### Assigned task
Please retype the data below exactly, stopping after the line with "Edamame Tsashimi y" and skipping every picture.

### Source data
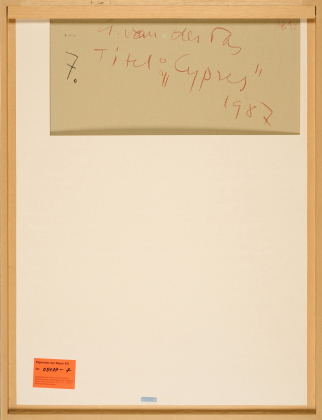 Bezeichnung: Signiert unten links: a pas (Künstlersignet). Sowie signiert, betitelt und datiert verso: A. van der Pas Titel: "Cypres" 1987. Hier zudem bezeichnet.
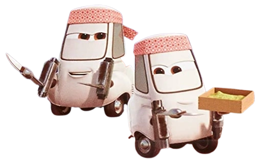 Edamame Tsashimi y Daisu Tsashimi son hermanos chefs de sushi que primero aparecen en Cars 2. Son Montacargas Alza Tutto que están pintados de blanco, con forro negro alrededor de sus puertas y ojos, además de unas diademas blancas y rojas.
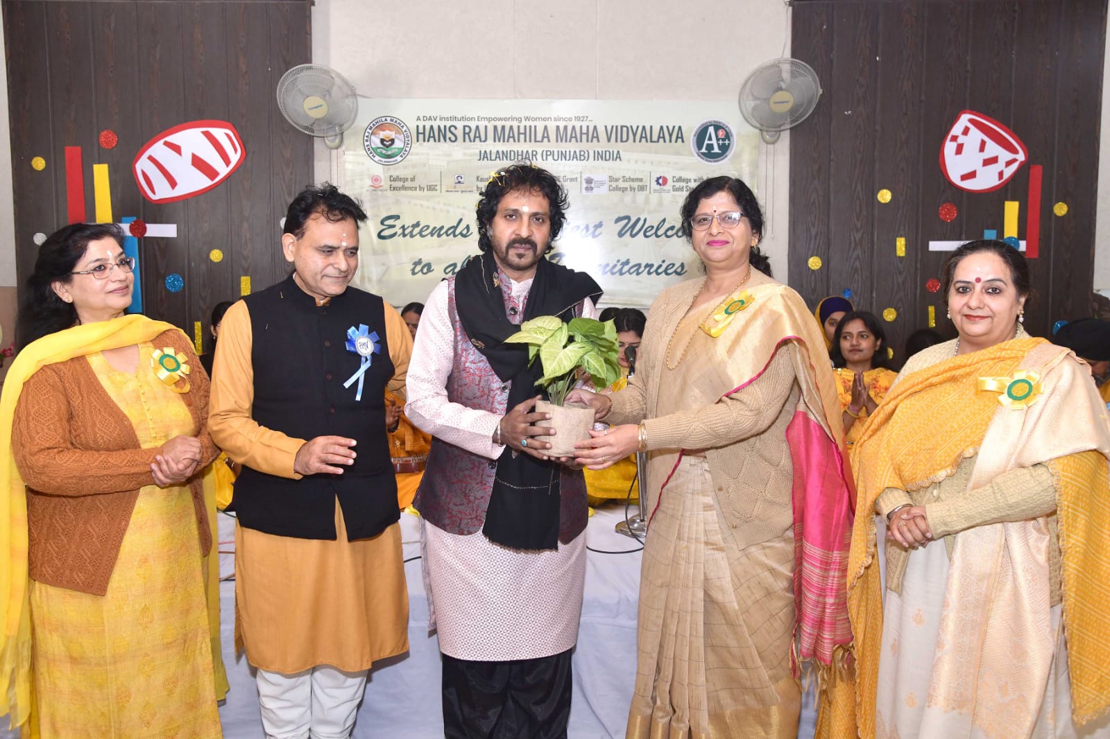 हंसराज महिला महाविद्यालय,जालंधर में प्राचार्या डॉ. श्रीमती एकता खोसला के दिशा-निर्देशन अधीन यूजिक विभाग द्वारा ‘आएं मनाएं बसंतÓ उत्सव का आयोजन किया गया। इस आयोजन में मुयातिथि के रूप में उस्ताद वजीर हुसैन खान साहब के शिष्य प्रसिद्ध सारंगी कलाकार उस्ताद गुलाम अली खान साहब तथा आल इंडिया रेडियो से श्री मनजीत सिंह और सुश्री कमलेश, अनहद स्टूडियो से श्री सुखदीप, सुश्री कुलविंदर, सुश्री अनु, सुश्री मनजीत, सुश्री सुखप्रीत, लेखक श्री अरिंदर सिंह, पंडित रमाकांत, श्री कालेराम तथा श्री तिलकराज विशेष अतिथि के रूप में उपस्थित रहे। प्राचार्या डॉ. एकता खोसला ने सभी गणमान्य अतिथियों का ग्रीन प्लांटर भेंट कर हार्दिक स्वागत किया। उन्होंने इस आयोजन के लिए यूजिक विभाग की सराहना की तथा सभी को बसंत उत्सव की शुभकामनाएं दी। उन्होंने कहा कि भारतीय संस्कृति में संगीत केवल एक कला का रूप नहीं है बल्कि एक शक्तिशाली माध्यम है जो गहरे आध्यात्मिक संबंध बनाने में मदद करता है। उन्होंने कहा कि ऐसे कार्यक्रम छात्राओं को संगीत की गहराईयों से जोड़ने का कार्य करते हैं। कार्यक्रम में यूजिक विभाग की छात्राओं ने सरस्वती वंदना प्रस्तुत की जिससे पूरा वातावरण भक्तिमय और सकारात्मक ऊर्जा से परिपूर्ण हो गया। उस्ताद गुलाम अली खान साहब ने सारंगी की मधुर धुनों के साथ श्रोताओं को मंत्रमुग्ध किया और कार्यक्रम को यादगार बना दिया। दर्शकों ने खान साहब के मनमोहन प्रस्तुति का भरपूर आनंद लिया। यूजिक विभाग के सदस्यों विभागाध्यक्ष डॉ. प्रेम सागर, डॉ. गुंजन कपूर, सुश्री दृष्टि, श्री प्रद्युमन, श्री सनी, श्री जसमेल, श्री नारायण (रिटा.) भी उपस्थित थे जिन्होंने कार्यक्रम के आयोजन में अपना बहुमूल्य सहयोग दिया। कार्यक्रम का आयोजन डॉ. आशमीन कौर, श्रीमती रितु बजाज, डॉ. रमा शर्मा द्वारा किया गया। डॉ. प्रेम सागर ने सभी का धन्यवाद किया। कार्यक्रम के अंत में सभी को प्रसाद वितरित किया गया। यह कार्यक्रम समृद्ध सांस्कृतिक उत्सव के रूप में अविस्मरणीय रहा।

### Written reply
 Bezeichnung: Signiert unten links: a pas (Künstlersignet). Sowie signiert, betitelt und datiert verso: A. van der Pas Titel: "Cypres" 1987. Hier zudem bezeichnet.
 Edamame Tsashimi y Daisu Tsashimi son hermanos chefs de sushi que primero aparecen en Cars 2. Son Montacargas Alza Tutto que están pintados de blanco, con forro negro alrededor de sus puertas y ojos, además de unas diademas blancas y rojas.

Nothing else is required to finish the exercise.